In our blood

Revival. It is our hunger, our vision, our pursuit. In the school of ministry we are chasing the one who does the impossible before breakfast and the merely supernatural in the middle of the night.  In the School of Ministry we are looking and preparing for revival. It is the one thing we must have. Because the School of Ministry was born in the midst of revival, in the middle of the laughter and tears and the stunning movement of the Holy Spirit. We came to life in the embrace of the Father. And we cannot live in the ordinary. We can never be content to stay where we are. There is more and we know it.  We must have God show up. 

And he does. He comes in dreams and visions, in meditation and Holy Spirit encounters. He comes in the caress of love and the prophetic call. And the thirst for revival means we take what he brings and pass it on to the next generation. So we train young leaders to change the world. To pray and prophesy and love people to life. To lay hands on broken limbs, injured minds, and troubled hearts so that there is peace and wholeness. To sing and play music that shouts his worthiness to the whole world. To open their hearts and let God change them. And we teach them to love the Holy Spirit. To know God and be friends with him. To follow Jesus in the same way that he carried out his Father’s will. We do it because these are the acts of revival. And revival is in our blood


“Kindness is a language that the deaf can hear and the blind can see.” – Mark Twain


I put my purple vest on, embroidered with “Jesus is Lord” and stepped onto the street to minister to the homeless. The unclean smells and dirty concrete was all I saw, at first. Rubbish crowded the sidewalk and smoke crowded the air. It was a place of desperation, reeking of hopelessness, and stale ambition. Then, in between the withering trees, I saw people. Men and women carrying sacks, their entire belongings. Their faces were enough – death had robbed them of life and purpose and promise, and the only thing dragging them forward was a drug. What a terrible place to be, so eager for rescue but so unknowing of their escape, their salvation. Homeless and hopeless – these were the sorrowful words tattooed on that part of town.

I came towards a man, who was holding a paper cup of coffee, which I observed as the only neat part of his rumpled appearance. He was leaning against a brick wall, reading a day old paper, pretending to be fine. We both knew he was not, so I stepped into depths of discomfort, and made simple conversation. The offer of a church service with a free meal afterwards did not lift him away from the curb, and as he shakily walked away to get more coffee, I wondered at how enticing a little white building would be in a world where you’ve only known sadness. I wonder.

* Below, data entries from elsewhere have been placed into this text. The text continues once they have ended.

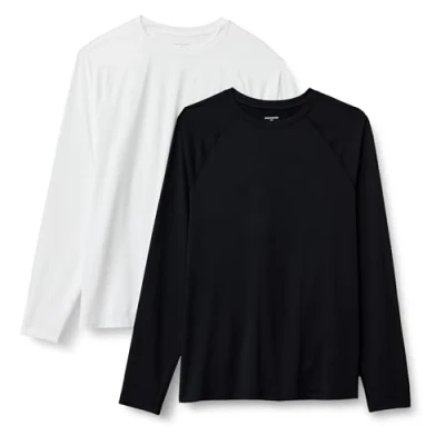 Amazon Essentials Men's Active Quick Dry Tech Stretch Lightweight Long Sleeve T Shirt (Available in Big&Tall), Pack of 2, Black/White, S
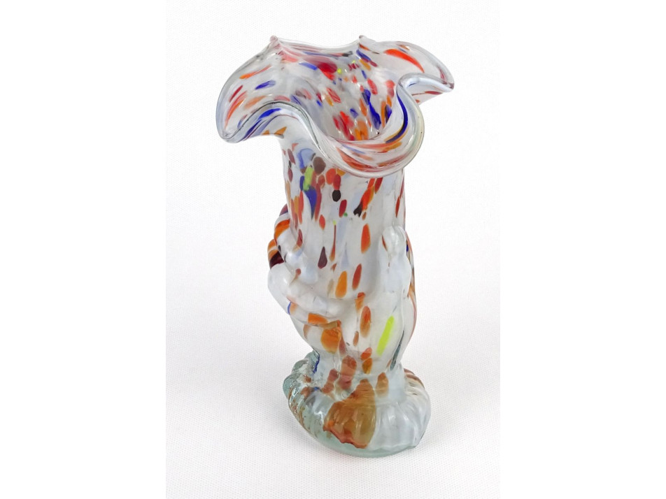 Régi hibátlan állapotú színes üveg váza, fújt üveg váza. Talapzaton álló kezet ábrázoló fodros szélű üveg váza, virágváza.
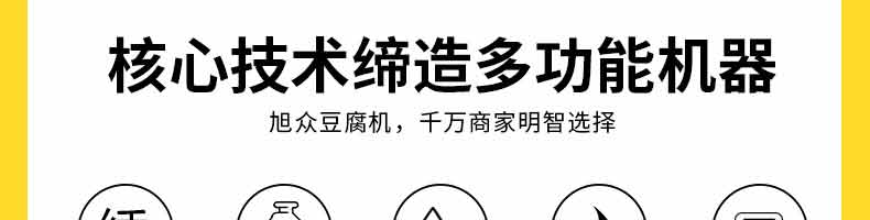 XZ-60智能豆腐機(jī),一機(jī)多用:可生產(chǎn)豆腐系列產(chǎn)品:單色(嫩,老)豆腐、多彩豆 腐、單色豆腐皮、多色豆腐皮、彩色豆腐干、豆?jié){、豆花等豆制品制作,還可以與其他設(shè)備和工藝配套生 產(chǎn)更多的豆制品。
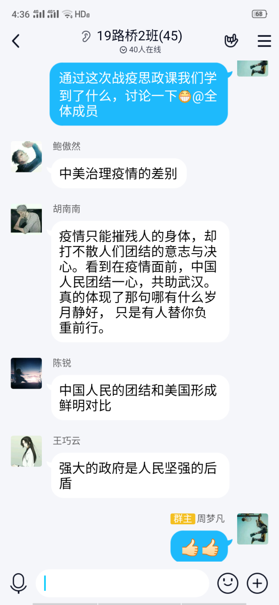 观看完视频后,各班级学生也通过班级群、文档等方式表达了自己的感想。19市政班大部分学生用文字记录了观后感,19路桥6班学生们把观看照片发到了班级群里,18检测1班则在班级群里展开了热烈的讨论,学生们纷纷表示上了这堂课后感触非常深刻。有的学生说,看过视频,感觉自己现在面临的困难都不算困难了;有的学生说,同样都是年轻人,护士和快递小哥比自己勇敢;有的学生说,天天在家里呆着还嫌无聊,现在再也不敢了,所有的岁月静好都是因为有人在替我们负重前行;有的学生说,我们在家认真上网课,提高自己管理自己的能力,就是在为防疫做了自己力所能及的事情;在九华山风景区做防疫志愿者的16路桥3班胡健伟同学说,生命中有这样一段做志愿者的经历,非常光荣和骄傲,自己在用实际行动参与了抗击疫情,虽然口罩很闷,手套很紧,防护服很厚重,但自己的心里是欣慰的,是激动的。

The next man I walked towards agreed for prayer, as his leather jacket did not suggest. With half of my hand but all of my heart, I did my best to encourage him, which was, at that point, smiling a Jesus smile while my friend prophesied kind words over him. He soon drifted away, uncertainty following him down the street, and I again wondered at where he was going and why he would not come back, to the only church on the street.

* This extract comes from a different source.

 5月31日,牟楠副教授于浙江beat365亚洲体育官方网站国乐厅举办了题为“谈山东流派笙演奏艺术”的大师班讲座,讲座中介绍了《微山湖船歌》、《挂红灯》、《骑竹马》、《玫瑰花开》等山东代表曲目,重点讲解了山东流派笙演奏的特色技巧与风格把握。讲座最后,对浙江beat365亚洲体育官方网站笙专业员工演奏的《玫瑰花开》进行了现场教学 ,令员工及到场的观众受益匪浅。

Something burst inside me, and tears began to streak my bare face. It was too much, to see pain consuming God’s beloved, like a disease that has no right to spoil such pure creation. I was overwhelmed and desperate to change it but unable to express the Good News in any other way than a soft smile. A lengthy handshake, a gentle wave. I hurriedly wiped my tears away, to join my friends and a homeless man they were already ministering to. Right then they asked if they could pray for him, and it was his response that slightly ripped my heart apart.

This man had been through hell. Left alone, abandoned, a reject. He had seen death brush by him, and seen it breath upon others. No hope, no rest, no love. He was covered in clouds of smoke and given not the fresh air he needed to breathe. Sorrow, sadness, and suffering. He lived in fear and fake comfort that would disappear repeatedly and unannounced. A broken family, a crippling community, and no knowledge of a love that never ends.  

And yet when they asked to pray for him, he replied: “Nah, I think you should pray for the girl over there. She’s cryin, ya know. Can’t help but notice it, you gotta help the people that are cryin.”


There was something about his reply that made me weep for hours afterwards, and I think it was this: His love is not given to us by how ‘deserving’ we feel // it is a free gift // and all we have to do is say yes.

Madison Hornblow

Out of Africa

Growing up on the mission field in Africa, I had a rich childhood. But it was also one that produced some intense injuries. As a white kid among all my black friends, I struggled with feelings of not belonging. Further, I lived with the fear of being sent to boarding school. This opened the door to some demonic spirits that invaded my life. I lived with this for too many years. However, during the leader’s school, the Lord brought me back to my childhood and began to remind me about these events that I had completely forgotten. Then he began to deliver me from the demons, fear and lack of belonging that I had lived with. And suddenly my spirit was freer, my body felt lighter and my mind had a surprising transformation to its thinking processes. It was stunning and so amazing. God is good."


(Steve Long)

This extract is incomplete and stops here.